Table_2_RET is a sex-biased regulator of intestinal tumorigenesis.xlsx

Ret is implicated in colorectal cancer (CRC) as both a proto-oncogene and a tumor suppressor. We asked whether RET signaling regulates tumorigenesis in an Apc-deficient preclinical model of CRC. We observed a sex-biased phenotype: ApcMin/+Ret+/- females had significantly greater tumor burden than ApcMin/+Ret+/- males, a phenomenon not seen in ApcMin/+ mice, which had equal distributions by sex. Dysfunctional RET signaling was associated with gene expression changes in diverse tumor signaling pathways in tumors and normal-appearing colon. Sex-biased gene expression differences mirroring tumor phenotypes were seen in 26 genes, including the Apc tumor suppressor gene. Ret and Tlr4 expression were significantly correlated in tumor samples from female but not male ApcMin/+Ret+/- mice. Antibiotics resulted in reduction of tumor burden, inverting the sex-biased phenotype such that microbiota-depleted ApcMin/+Ret+/- males had significantly more tumors than female littermates. Reconstitution of the microbiome rescued the sex-biased phenotype. Our findings suggest that RET represents a sexually dimorphic microbiome-mediated “switch” for regulation of tumorigenesis.

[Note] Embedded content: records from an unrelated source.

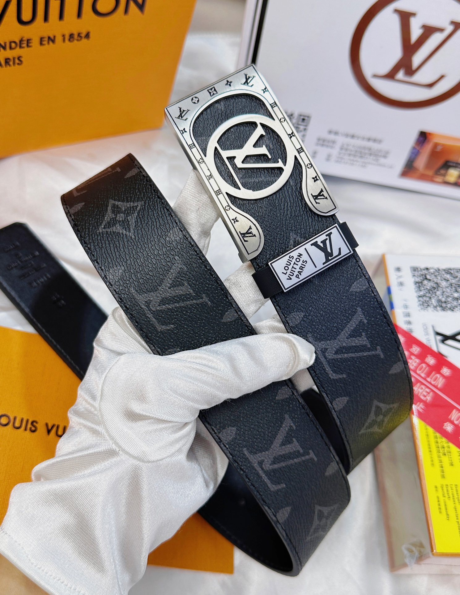 • Premium Details: The belt loop is adorned with a matching metal plate engraved with "Louis Vuitton Paris," showcasing attention to every detail.
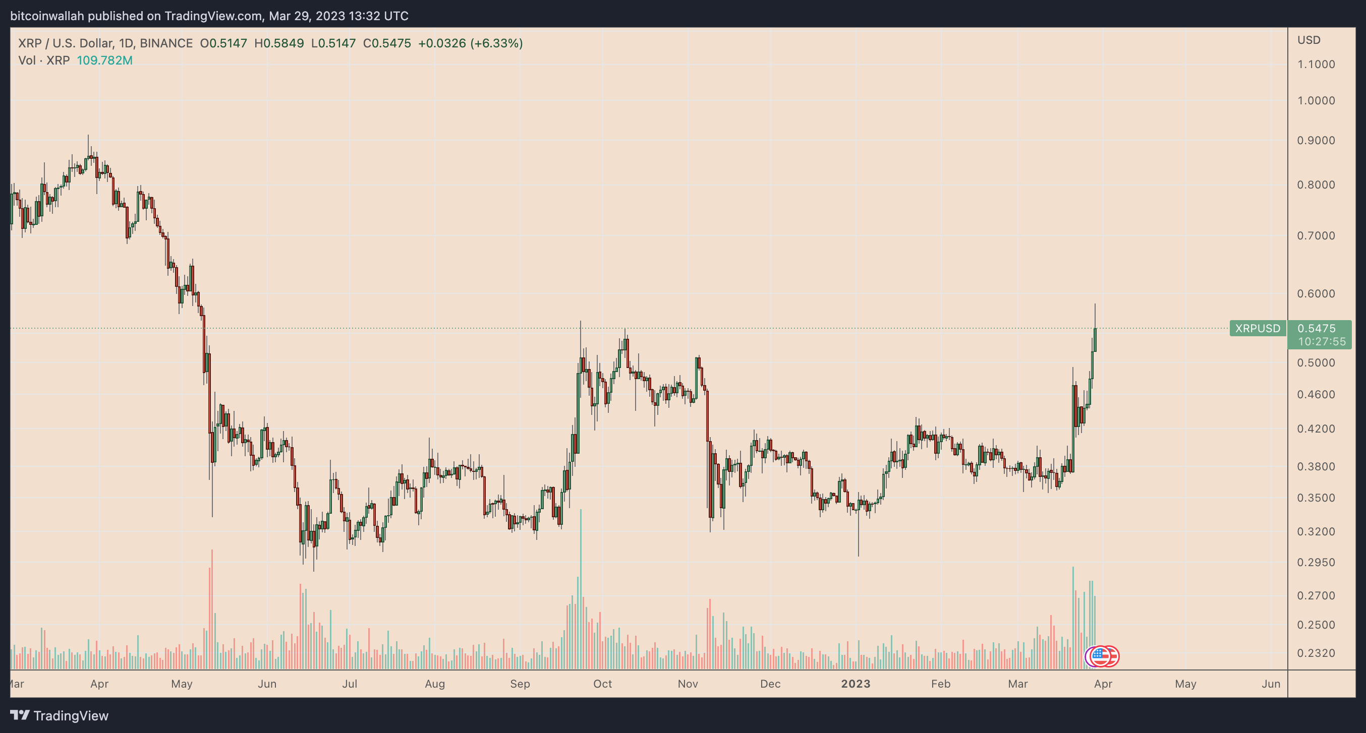On March 29, XRP’s price surged by nearly 15% to $0.58, its highest level in ten months, outperforming Bitcoin (BTC) and Ether (ETH) in the past 24 hours that rose around 4.5% and 2.75%, respectively.
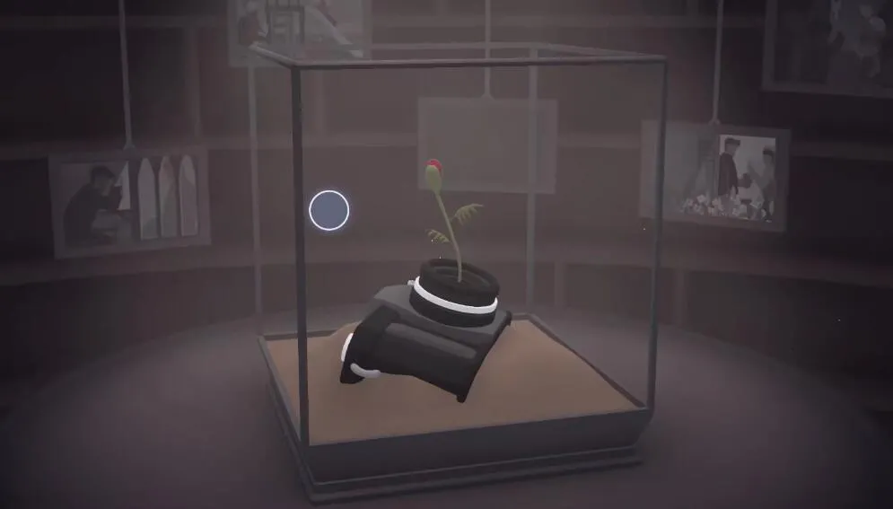 一台被關在盒子裏的相機。唯一不同的是,一顆種子從鏡頭裏探出了新芽。再次轉動視角,遊戲又將繼續,與我們此前做過的一樣,一次新遊戲就這樣無縫開始了。
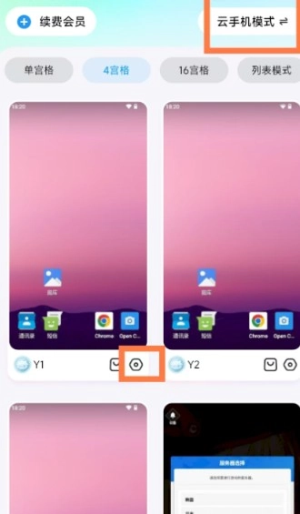 选择云手机后点击齿轮的图标
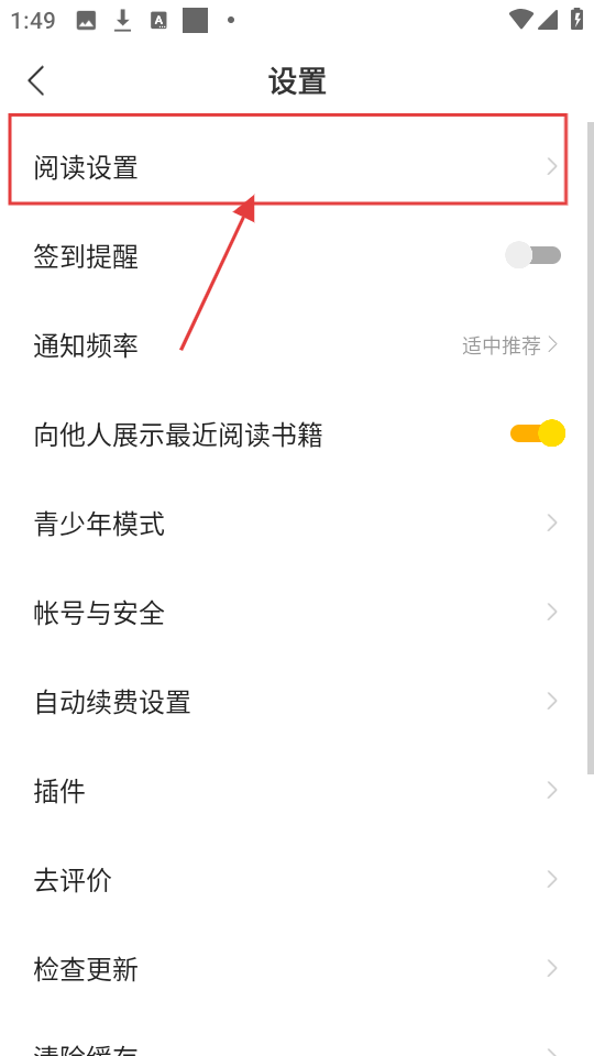 3、在设置页面点击【阅读设置】选项,进入后可调整阅读相关的设置哦。
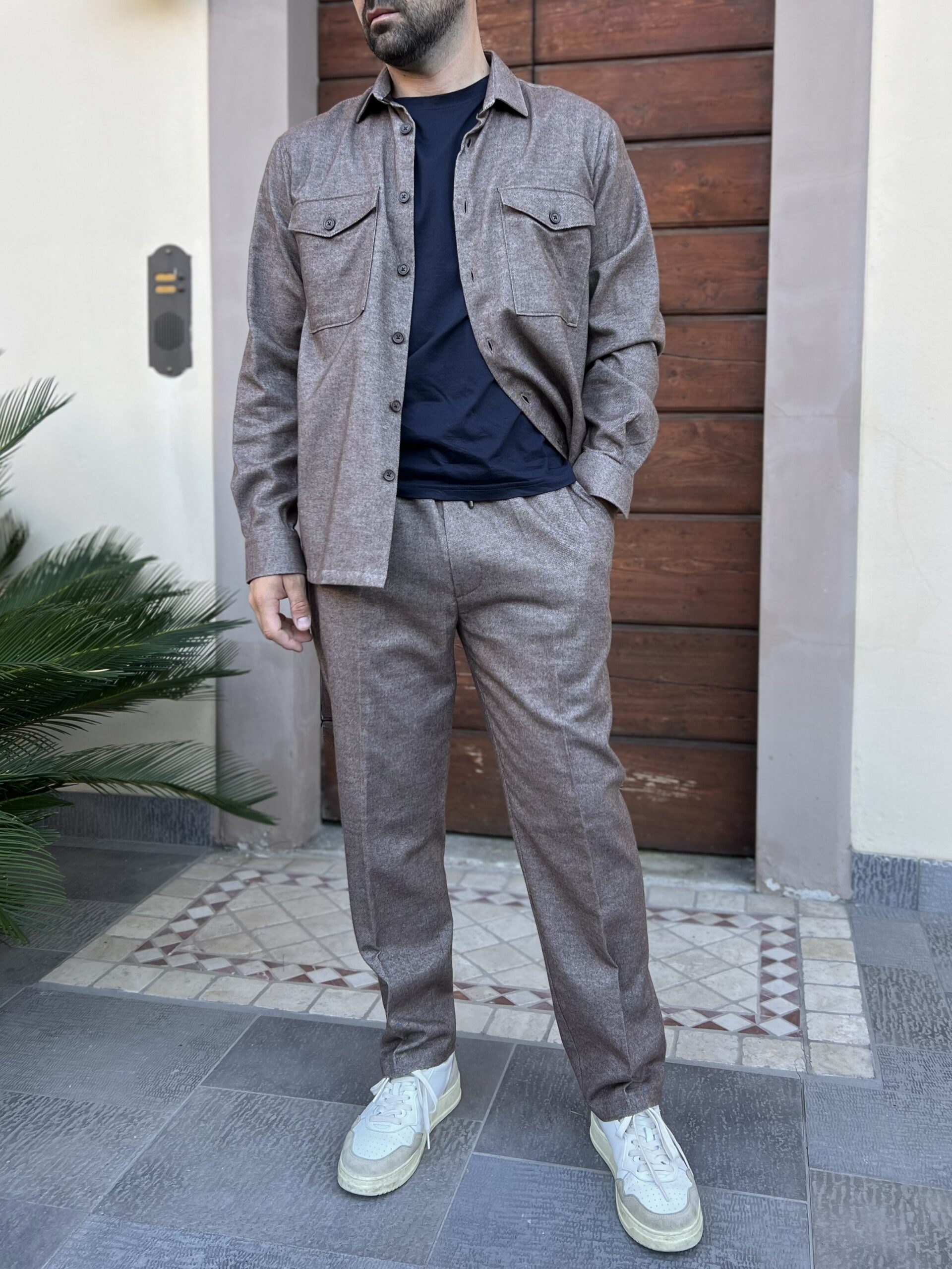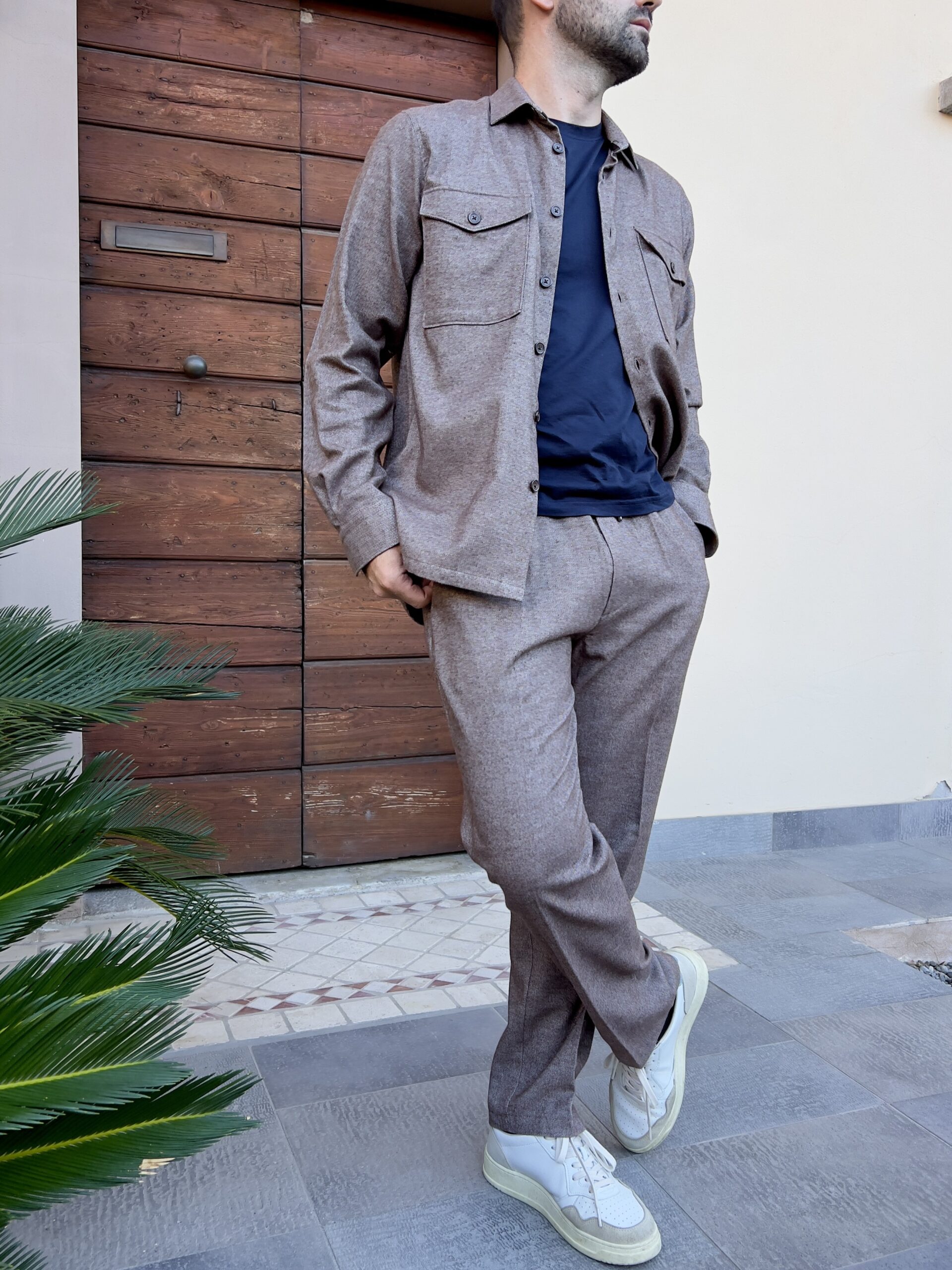 Pantalone con elastico e coulisse, modello dal taglio dritto e morbido. Caldo cotone, morbido al tatto, con tasca laterale. Vestibilità ampia.

RET基因在结直肠癌（CRC）的发生发展中扮演着既为原癌基因又为肿瘤抑制因子的双重角色。本研究旨在探究RET信号通路是否调控了APC基因缺陷型结直肠癌的肿瘤发生。研究发现，存在性别差异的表型：与ApcMin/+Ret+/-雄鼠相比，ApcMin/+Ret+/-雌鼠的肿瘤负荷显著增加，而在ApcMin/+小鼠中并未观察到这种现象，其性别分布均衡。肿瘤及正常外观结肠中，功能失调的RET信号通路与多种肿瘤信号通路中的基因表达改变相关。在包括APC肿瘤抑制基因在内的26个基因中，观察到与肿瘤表型相似的性别偏向基因表达差异。在雌性ApcMin/+Ret+/-小鼠的肿瘤样本中，Ret和Tlr4的表达显著相关，而在雄性小鼠中则未观察到。抗生素的使用导致肿瘤负荷减少，逆转了性别偏向的表型，使得微生物群耗竭的ApcMin/+Ret+/-雄鼠的肿瘤数量显著多于雌性同胞。微生物群的重建挽救了性别偏向的表型。本研究结果表明，RET可能代表着一种性二态性的、由微生物群介导的肿瘤发生调控‘开关’。